**Exercise aim:**
Look below for the line holding "Het manifest wordt" and the line holding "鹤山正充分发挥自身资源禀赋优". Transcribe exactly those lines and all lines between them, nothing more.

**The data:**
-- Opening Marker --
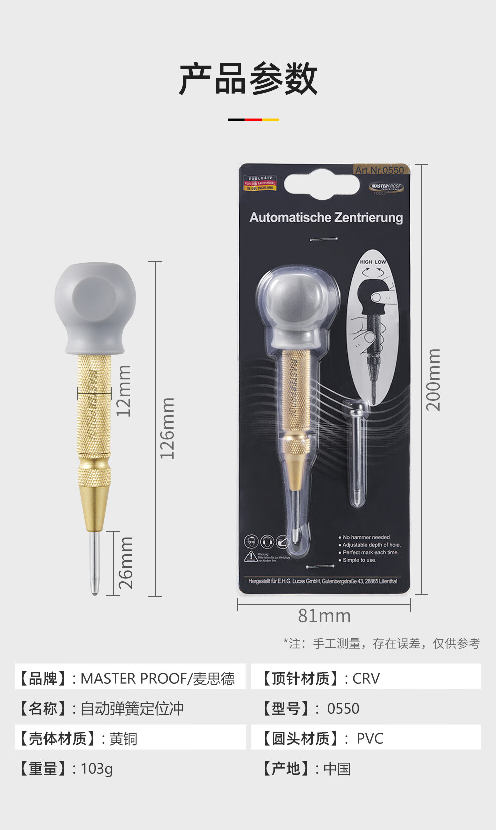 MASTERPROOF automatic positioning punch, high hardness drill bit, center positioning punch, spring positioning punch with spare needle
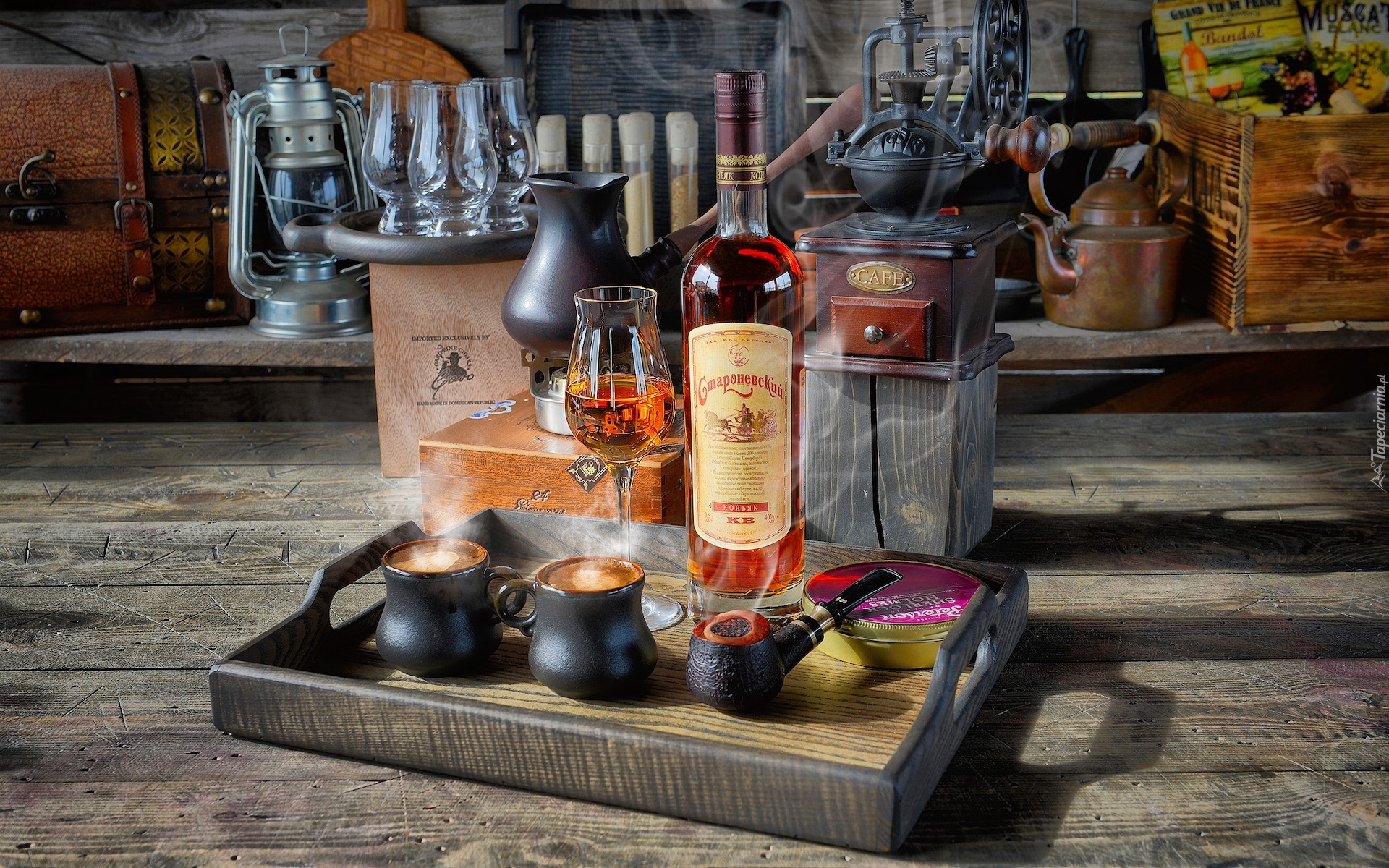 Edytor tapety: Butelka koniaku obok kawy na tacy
-- Closing Marker --
-- Opening Marker --
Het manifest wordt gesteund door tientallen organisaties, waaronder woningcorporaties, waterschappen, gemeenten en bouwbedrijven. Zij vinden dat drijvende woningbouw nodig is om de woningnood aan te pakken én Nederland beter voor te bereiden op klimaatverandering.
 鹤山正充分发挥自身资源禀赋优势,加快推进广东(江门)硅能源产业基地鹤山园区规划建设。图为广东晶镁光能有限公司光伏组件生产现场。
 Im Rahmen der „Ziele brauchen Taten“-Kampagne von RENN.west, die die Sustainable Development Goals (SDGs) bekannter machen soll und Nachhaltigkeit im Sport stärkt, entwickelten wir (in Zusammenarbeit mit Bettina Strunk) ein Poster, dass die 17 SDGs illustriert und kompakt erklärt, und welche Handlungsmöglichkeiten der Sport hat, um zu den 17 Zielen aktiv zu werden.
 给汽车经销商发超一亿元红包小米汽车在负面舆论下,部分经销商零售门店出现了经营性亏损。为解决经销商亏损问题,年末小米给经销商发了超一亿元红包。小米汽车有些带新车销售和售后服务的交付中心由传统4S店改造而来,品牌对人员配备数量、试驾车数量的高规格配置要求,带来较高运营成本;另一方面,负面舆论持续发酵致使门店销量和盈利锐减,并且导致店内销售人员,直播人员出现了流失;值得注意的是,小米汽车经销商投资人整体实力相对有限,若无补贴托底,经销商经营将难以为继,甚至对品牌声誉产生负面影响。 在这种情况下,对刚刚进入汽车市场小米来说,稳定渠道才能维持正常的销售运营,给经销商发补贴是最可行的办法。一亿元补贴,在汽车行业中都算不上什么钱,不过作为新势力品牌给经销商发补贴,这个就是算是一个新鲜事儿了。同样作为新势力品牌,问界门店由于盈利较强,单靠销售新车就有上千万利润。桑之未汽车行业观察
-- Closing Marker --
**Reply to the exercise:**
Het manifest wordt gesteund door tientallen organisaties, waaronder woningcorporaties, waterschappen, gemeenten en bouwbedrijven. Zij vinden dat drijvende woningbouw nodig is om de woningnood aan te pakken én Nederland beter voor te bereiden op klimaatverandering.
 鹤山正充分发挥自身资源禀赋优势,加快推进广东(江门)硅能源产业基地鹤山园区规划建设。图为广东晶镁光能有限公司光伏组件生产现场。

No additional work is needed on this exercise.